FIG. 2 is a perspective view of a second embodiment of a toy racing car track section in accordance with the invention, said track section incorporating a second type of obstacles; and

FIG. 3 is a perspective view showing both types of the removably positionable obstacles of FIGS. 1 and 2.

DETAILED DESCRIPTION OF PREFERRED EMBODIMENT

Referring initially to FIGS. 1 and 3 of the drawings, there is shown a first track section 100 embodying the invention for use in a conventional electric toy car racing track system. The track system is typically constructed by a loop of track sections connected end-to-end together to form a pair of co-extending lanes for respective toy cars to race with each other. Extending along each lane, the track sections are formed with a central groove for guiding a respective toy car by its bottom guide pin and a pair of conductive rails on opposite sides of the guiding groove for supplying electrical power to the toy car via respective contact brushes on the bottom of the car. Most of the track sections are constructed and interconnected in a conventional manner that is generally known in the art, except the subject track section 100 which is provided with a plurality of removably positionable obstacles 140 of different shapes.

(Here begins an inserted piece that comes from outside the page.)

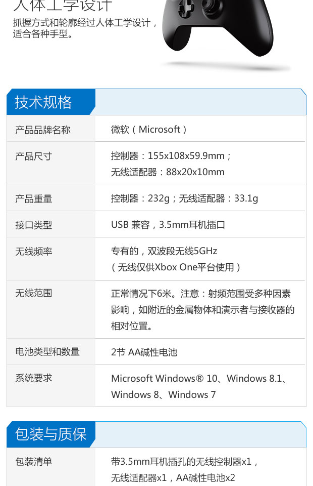 > 微软(Microsoft)XBOX ONE 控制器+ WINDOWS 适用的无线适配器

The track section 100 has a rectangular planar body 110 having a generally flat upper surface 120 to provide a pair of straight lane sections A and B on opposite sides. Each lane section A/B is formed with a central guiding groove 130 and a pair of power supply rails 132 on opposite sides of the groove 130. The body 110 includes plug-and-socket connectors 134 and hooks 136 at opposite ends for interconnection with adjacent track sections of the conventional type.

Two rows of the obstacles 140 are provided on opposite (at least one) outer sides of the rails 132 of each lane A/B, at positions where the wheels of a respective toy car will be rolling. More specifically, the obstacles 140 of each row are regularly spaced and are staggered with each other between the two rows, out of lateral alignment, so that when the toy car rides over them, both of its front or rear wheels will not be subject to bumping at the same time.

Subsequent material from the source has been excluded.